[INSTRUCTIONS TO FOLLOW] With the pictures omitted, repeat exactly the lines below starting with the line that has "Dječja pamučna majica" and going on through the line that has "Ripped white paper".

[INFORMATION GIVEN]
──────────
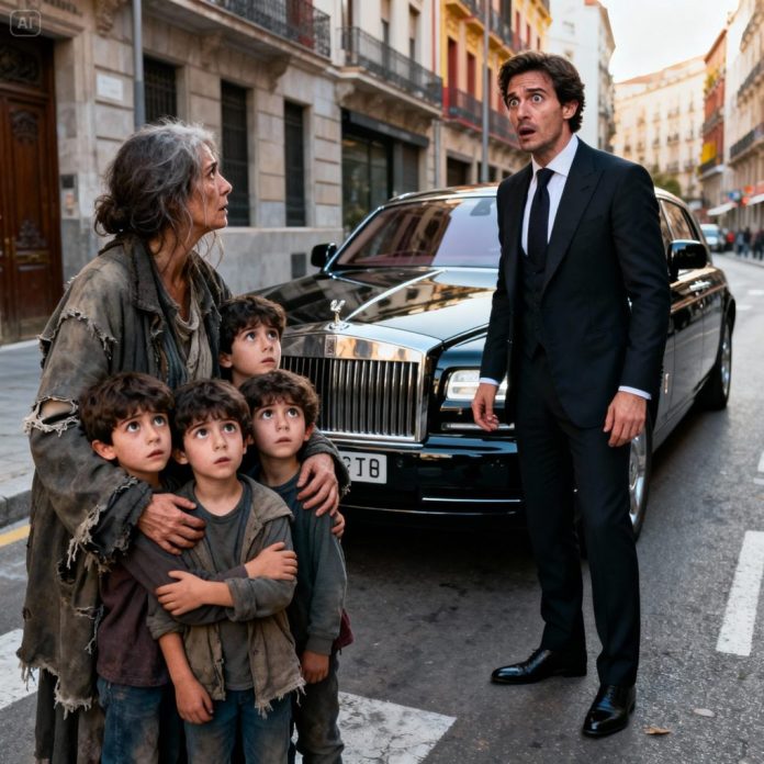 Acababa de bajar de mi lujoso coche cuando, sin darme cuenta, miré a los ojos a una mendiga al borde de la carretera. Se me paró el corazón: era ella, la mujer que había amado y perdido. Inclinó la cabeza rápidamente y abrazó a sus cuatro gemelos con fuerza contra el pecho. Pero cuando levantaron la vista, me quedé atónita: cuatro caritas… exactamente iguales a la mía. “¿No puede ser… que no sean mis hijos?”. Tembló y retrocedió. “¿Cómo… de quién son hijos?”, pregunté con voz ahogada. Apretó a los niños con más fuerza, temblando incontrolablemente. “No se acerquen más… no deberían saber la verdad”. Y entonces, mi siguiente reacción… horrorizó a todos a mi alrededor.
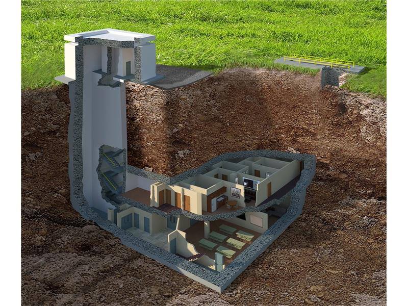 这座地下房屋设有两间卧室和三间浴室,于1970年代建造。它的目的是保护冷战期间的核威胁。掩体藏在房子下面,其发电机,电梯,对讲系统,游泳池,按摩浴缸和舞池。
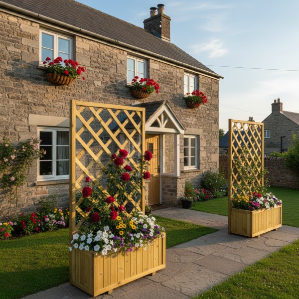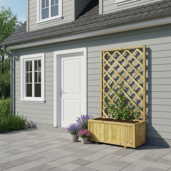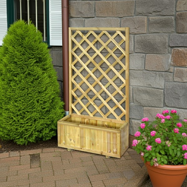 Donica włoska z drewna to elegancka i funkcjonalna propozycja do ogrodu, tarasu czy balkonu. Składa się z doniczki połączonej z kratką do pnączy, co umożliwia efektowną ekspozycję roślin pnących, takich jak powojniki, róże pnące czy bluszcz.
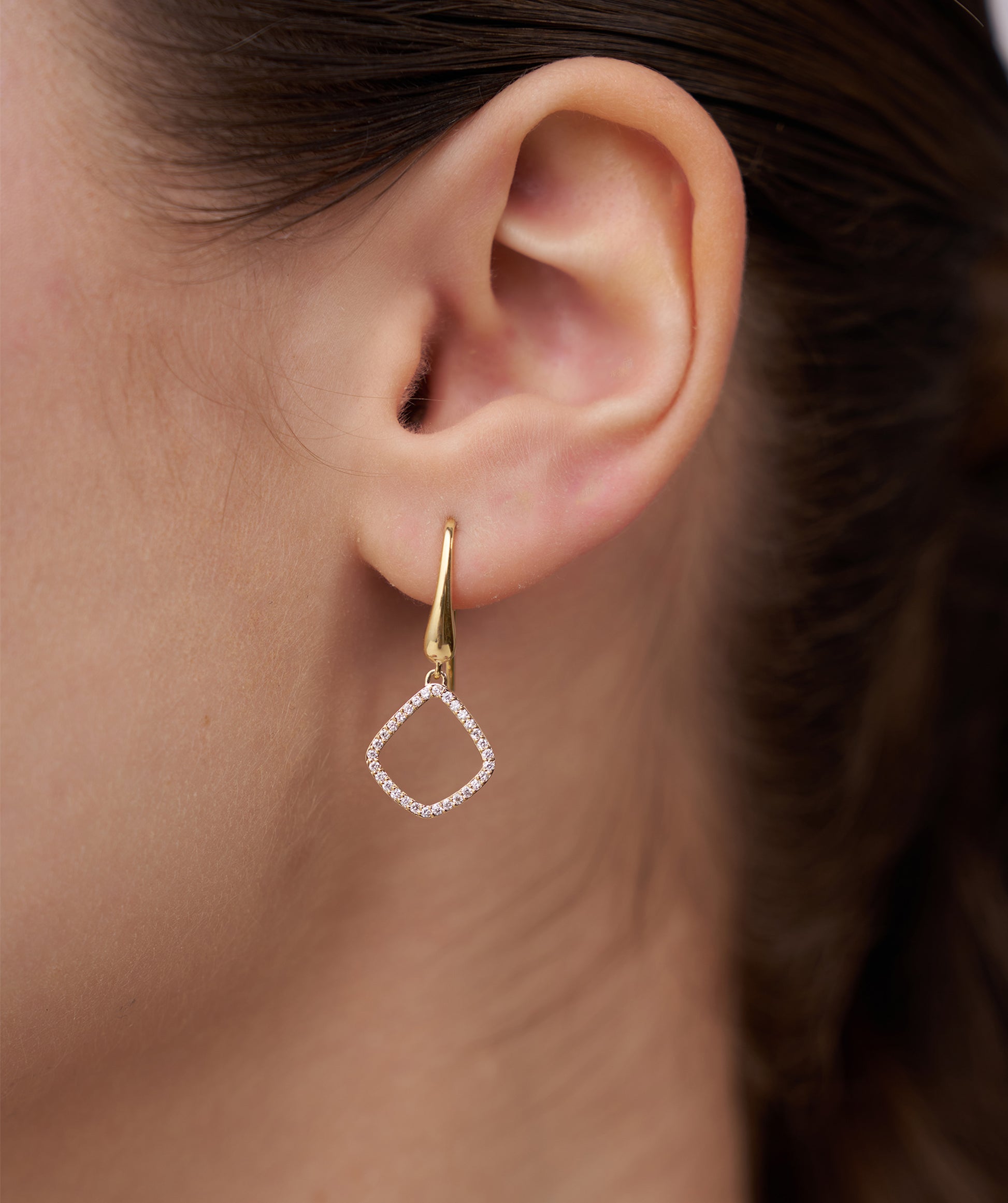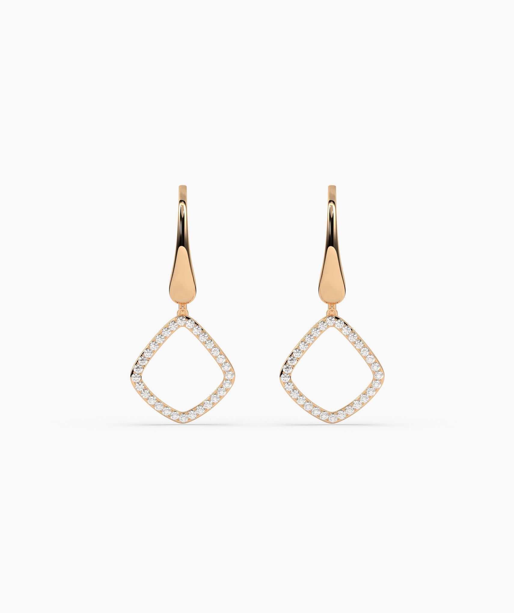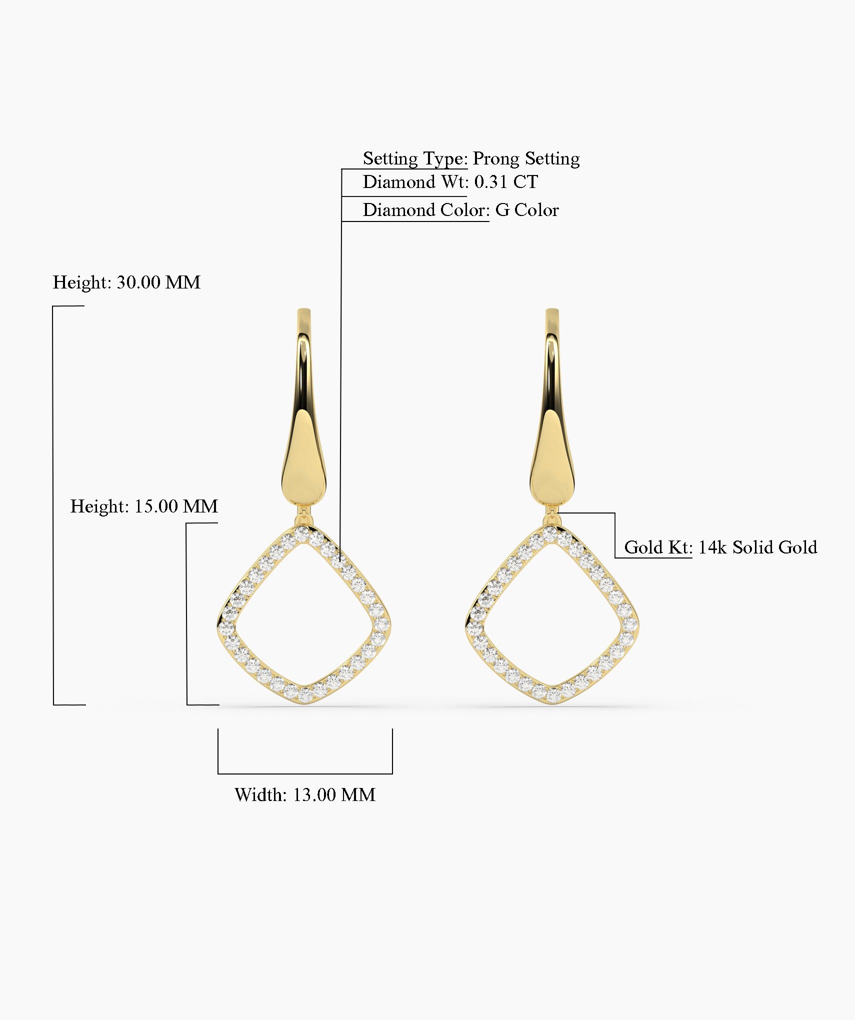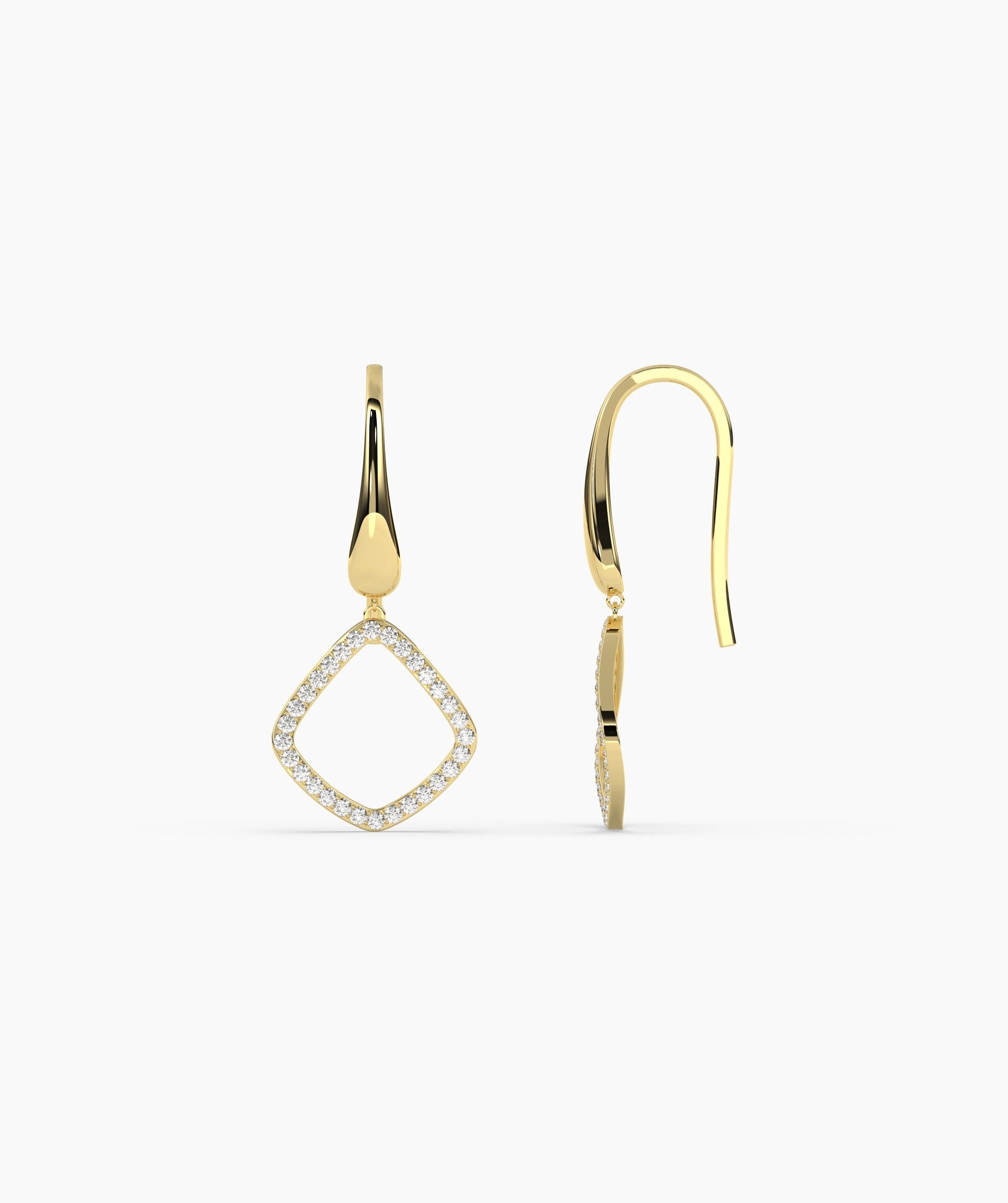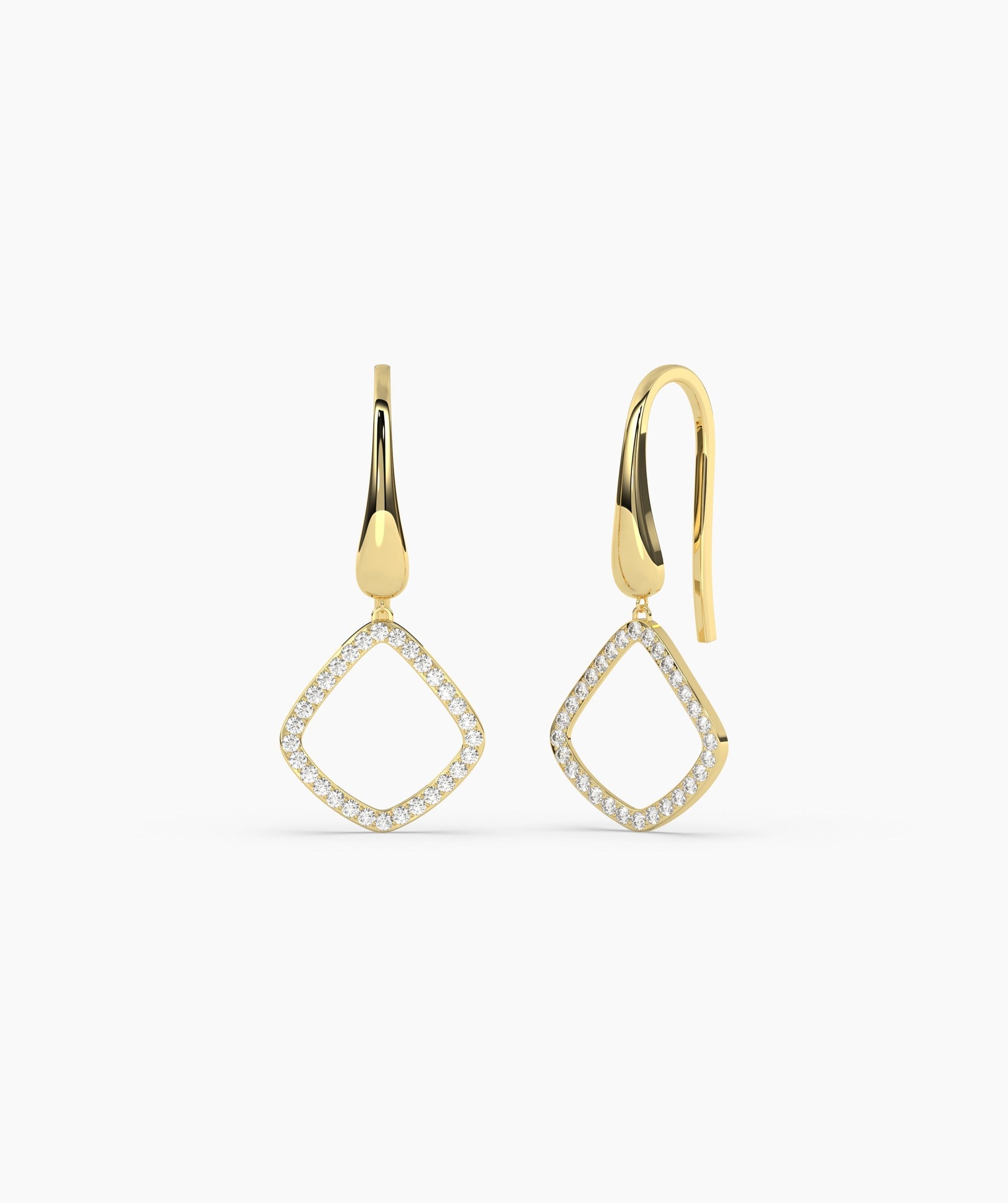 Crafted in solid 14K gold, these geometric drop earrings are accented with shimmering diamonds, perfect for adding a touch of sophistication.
──────────
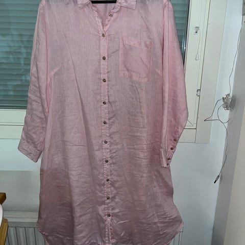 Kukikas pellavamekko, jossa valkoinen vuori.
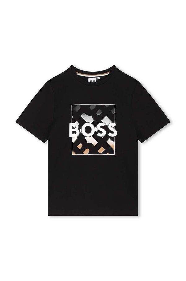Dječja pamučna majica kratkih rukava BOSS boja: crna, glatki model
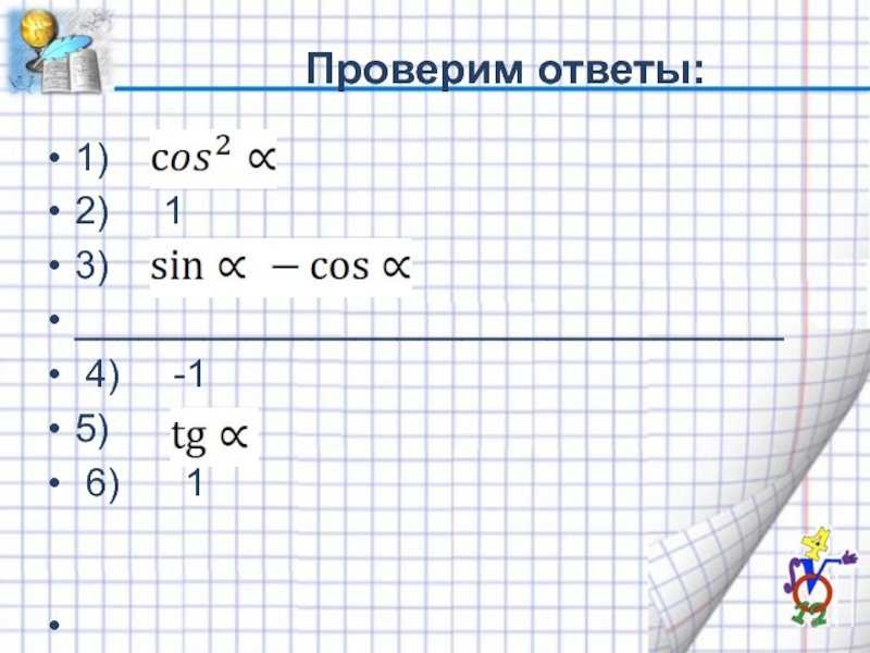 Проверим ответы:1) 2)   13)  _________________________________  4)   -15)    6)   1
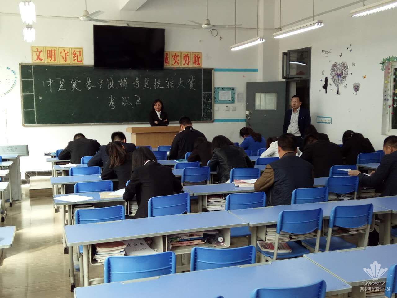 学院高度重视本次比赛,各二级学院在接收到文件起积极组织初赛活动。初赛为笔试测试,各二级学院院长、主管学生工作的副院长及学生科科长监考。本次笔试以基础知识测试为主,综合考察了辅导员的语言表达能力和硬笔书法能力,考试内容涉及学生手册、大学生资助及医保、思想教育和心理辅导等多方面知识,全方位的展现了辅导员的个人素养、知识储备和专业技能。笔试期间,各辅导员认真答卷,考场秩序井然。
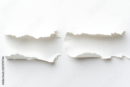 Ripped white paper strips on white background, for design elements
──────────
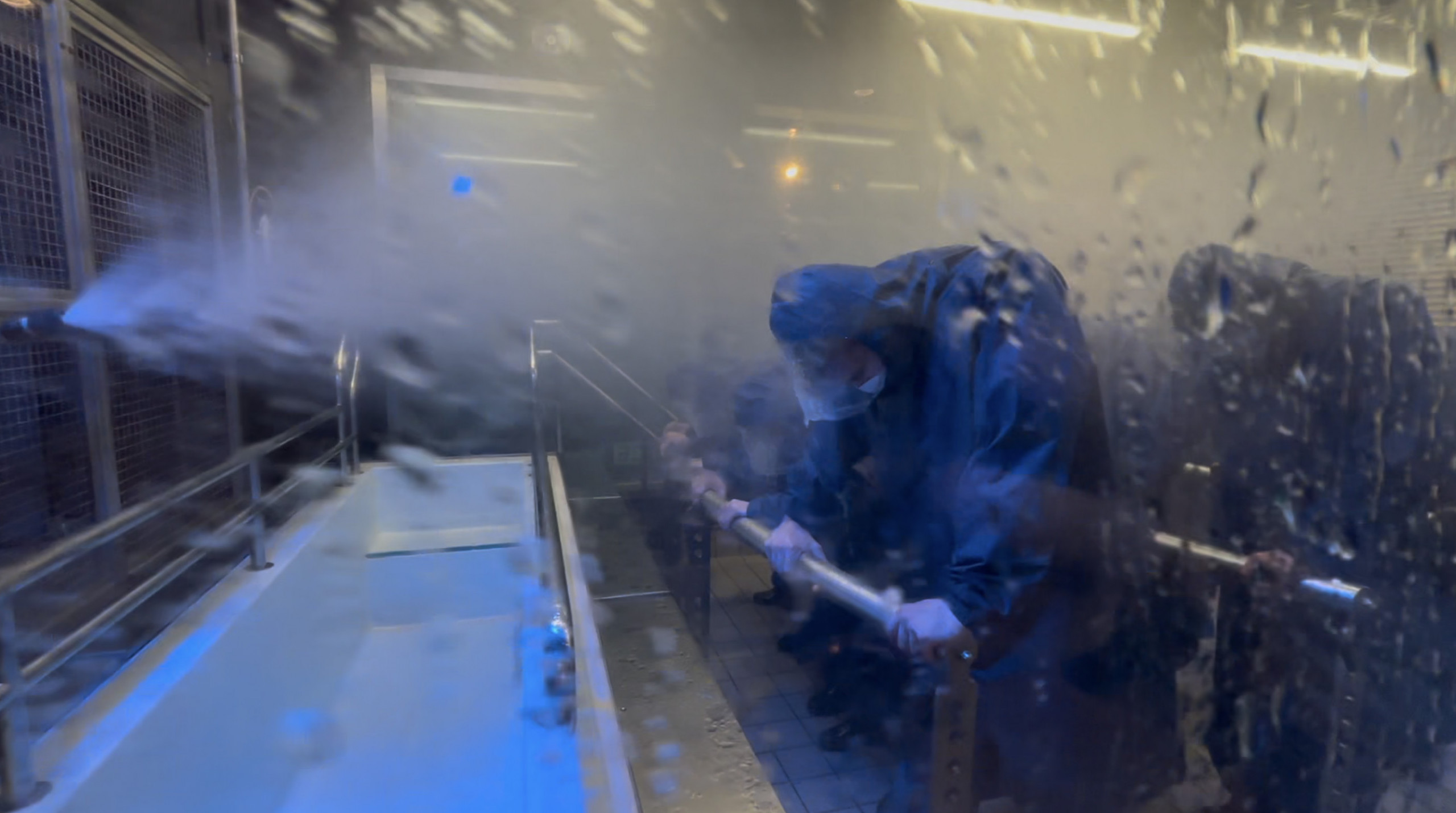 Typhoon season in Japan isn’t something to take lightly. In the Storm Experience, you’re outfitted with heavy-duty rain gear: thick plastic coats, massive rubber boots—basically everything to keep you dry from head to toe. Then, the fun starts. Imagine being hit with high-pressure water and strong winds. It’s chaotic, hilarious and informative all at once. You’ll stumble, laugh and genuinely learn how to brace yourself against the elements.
──────────
[YOUR SOLUTION]
Dječja pamučna majica kratkih rukava BOSS boja: crna, glatki model
 Проверим ответы:1) 2)   13)  _________________________________  4)   -15)    6)   1
 学院高度重视本次比赛,各二级学院在接收到文件起积极组织初赛活动。初赛为笔试测试,各二级学院院长、主管学生工作的副院长及学生科科长监考。本次笔试以基础知识测试为主,综合考察了辅导员的语言表达能力和硬笔书法能力,考试内容涉及学生手册、大学生资助及医保、思想教育和心理辅导等多方面知识,全方位的展现了辅导员的个人素养、知识储备和专业技能。笔试期间,各辅导员认真答卷,考场秩序井然。
 Ripped white paper strips on white background, for design elements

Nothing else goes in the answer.